» **AIM OF THE TASK**
Of the entries below, return exactly those lines that fall between the one containing "DKPS #301 GORRA" and the one containing "Начальникъ 3-го участка, Владикавказскаго", the two end lines included.

» **RECORDS FOR THE EXERCISE**
·····
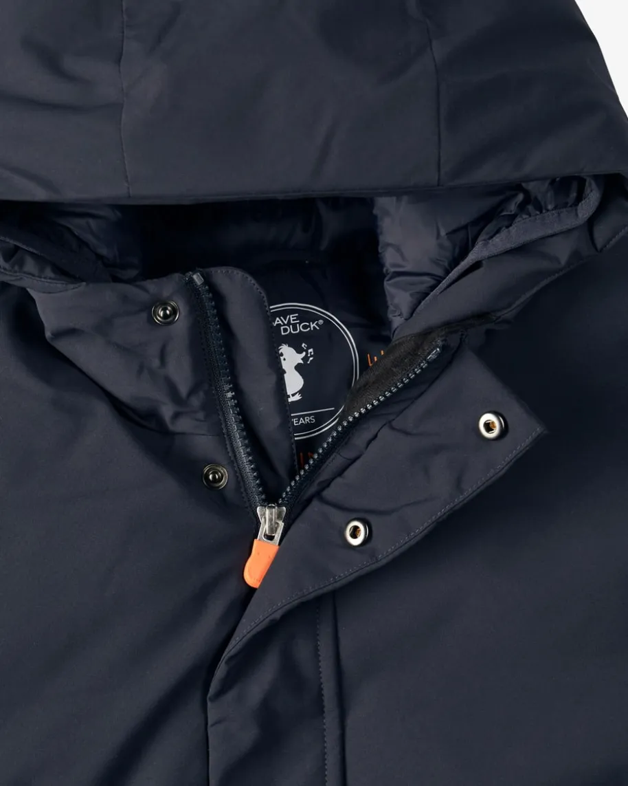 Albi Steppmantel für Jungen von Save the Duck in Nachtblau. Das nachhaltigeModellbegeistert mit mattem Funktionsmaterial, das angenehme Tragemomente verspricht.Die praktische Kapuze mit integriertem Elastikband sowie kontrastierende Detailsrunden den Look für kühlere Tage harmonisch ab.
·····
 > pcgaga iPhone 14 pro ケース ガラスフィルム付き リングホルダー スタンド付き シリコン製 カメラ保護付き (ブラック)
·····
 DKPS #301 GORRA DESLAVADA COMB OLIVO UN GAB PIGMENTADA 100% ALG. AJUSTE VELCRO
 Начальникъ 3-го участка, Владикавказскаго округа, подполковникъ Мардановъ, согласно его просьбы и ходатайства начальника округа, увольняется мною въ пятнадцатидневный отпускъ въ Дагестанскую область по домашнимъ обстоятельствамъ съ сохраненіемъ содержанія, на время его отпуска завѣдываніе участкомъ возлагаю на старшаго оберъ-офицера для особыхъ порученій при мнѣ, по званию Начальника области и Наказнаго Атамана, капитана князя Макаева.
·····
» **REPLY TO THE EXERCISE**
 DKPS #301 GORRA DESLAVADA COMB OLIVO UN GAB PIGMENTADA 100% ALG. AJUSTE VELCRO
 Начальникъ 3-го участка, Владикавказскаго округа, подполковникъ Мардановъ, согласно его просьбы и ходатайства начальника округа, увольняется мною въ пятнадцатидневный отпускъ въ Дагестанскую область по домашнимъ обстоятельствамъ съ сохраненіемъ содержанія, на время его отпуска завѣдываніе участкомъ возлагаю на старшаго оберъ-офицера для особыхъ порученій при мнѣ, по званию Начальника области и Наказнаго Атамана, капитана князя Макаева.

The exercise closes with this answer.